Chronic spine pain stems from eleven primary causes that specialists regularly diagnose and treat, with degenerative disc disease, herniated discs, and spinal stenosis accounting for the majority of cases in clinical practice. These conditions develop through different mechanisms—some from wear and tear over decades, others from acute injury or structural misalignment—and affect approximately 23% of adults worldwide, with prevalence rising significantly after age 75 when it reaches 37.3%.
Understanding which cause underlies your spine pain is essential because treatment approaches differ substantially: a herniated disc may benefit from conservative care and physical therapy, while spinal stenosis sometimes requires surgical intervention, and infections demand immediate antibiotics. This article covers all eleven documented causes of chronic spine pain according to specialists, explores how each develops, explains who is most at risk, and discusses what distinguishes one condition from another. Whether you’re experiencing lower back pain yourself or helping a family member manage spinal issues, knowing these causes provides the foundation for informed conversations with medical professionals and realistic expectations about treatment timelines and outcomes.
Table of Contents
- What Are the Most Common Mechanical Causes of Chronic Spine Pain?

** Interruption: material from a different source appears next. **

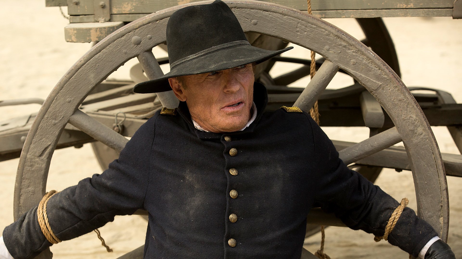 Description: A man in a black coat and hat sitting on a bench with a wheel behind him and a bench behind him.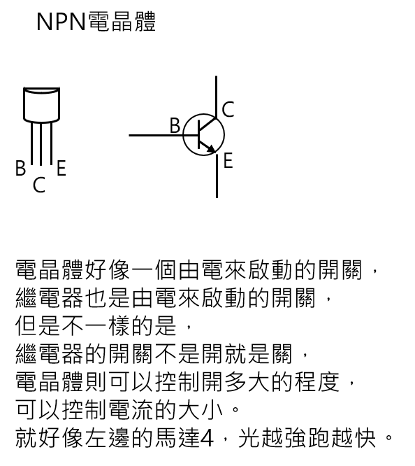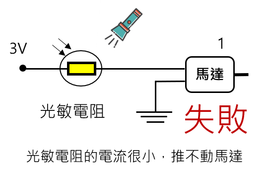 1. 光敏電阻的電流很微小,雖然可以點亮發光二極體,卻沒辦法讓馬達轉動。所以怎麼辦呢?

- How Do Structural Spine Problems Cause Long-Term Pain?
- Which Age-Related Spine Conditions Drive Chronic Pain in Older Adults?
- How Does Nerve Compression Create Radiating Pain in the Legs and Buttocks?
- What Serious But Less Common Causes of Spine Pain Require Urgent Attention?
- How Do Systemic Inflammatory Conditions Manifest as Spine Pain?
- How Do Spinal Deformities Contribute to Chronic Pain?
- Conclusion
What Are the Most Common Mechanical Causes of Chronic Spine Pain?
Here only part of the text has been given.